Havering Council goes easy on developer of Romford flats despite additions and parking issues

A developer will be allowed to keep two extra flats it added to a residential block without permission from Havering Council.

In 2018 Hertfordshire-based developer Smith Homes Ltd won permission to add 20 flats to the top of a converted office block containing 115 flats in Romford.

However, it emerged in a planning committee meeting this week that during construction Smith Homes added an extra two flats without asking the council.

The committee granted the developer retrospective permission to keep the two flats with the agreement that an extra £40,000 would be charged in Community Infrastructure Levy, to be paid to the council.

The committee also heard that Smith Homes has not complied with a condition in the original 2015 planning application to provide 60 parking spaces, a bicycle shelter and a waste refuse shed.

Ward Councillor Joshua Chapman said: “I can’t believe that this application has been going on in various forms for this long.”

He asked for “cast iron” assurances that residents would be treated fairly, as in the past seven years Smith Homes has “backtracked” on promises of parking.

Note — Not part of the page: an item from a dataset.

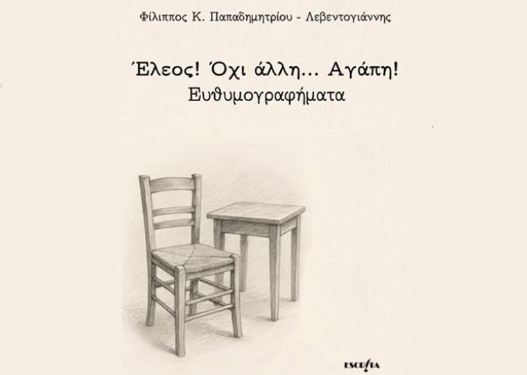 Τριάντα ιστορίες, που διαβάζονται και ως ένα μυθιστόρημα, περιλαμβάνει το νέο βιβλίο του Φίλιππου Κ. Παπαδημητρίου-Λεβεντογιάννη “Έλεος! Όχι άλλη... Αγάπη!”, η παρουσίαση του οποίου θα πραγματοποιηθεί την Τετάρτη 26 Νοεμβρίου, στην αίθουσα του Μουσικοφιλολογικού και Καλλιτεχνικού Ομίλου “Ο Ακρίτας”, η οποία βρίσκεται στο Ιστορικό Κέντρό στην οδό Αιπύτου 11, στις εφτά το απόγευμα…

Smith Homes has now raised its parking spaces offer to 86 and agreed to a condition that it would build a waste refuse shed, cycle storage, and remove gravel from the car park.

However, residents’ comments in the planning report allege the developer is charging an “extortionate” £1,000 a year for one space and has made them difficult to use by adding gravel to the tarmac surface.

In the past seven years, Smith Homes has made repeated planning applications linked to the car park, including a recent bid to reduce the number of spaces to 27.

Councillor Reg Whitney said: “I think it’s absolutely disgusting what these residents have to put up with… they’ve left it unused for six years hoping to get a development on the site.”

Cllr Whitney added that he did not understand why an enforcement notice issued in March this year, ordering Smith Homes to provide parking and refuse storage had still not been complied with.

In August last year, the planning report shows the developer had asked leaseholders to sign a document that claimed to “prohibit” them from objecting to any future planning applications on the car park.

In total, Smith Homes is required to pay the council £264,000 for affordable housing, £161,375 in Community Infrastructure Levy to Havering Council and £32,275 to the Greater London Authority.

The committee approved the application with five voting in favour and one voting against.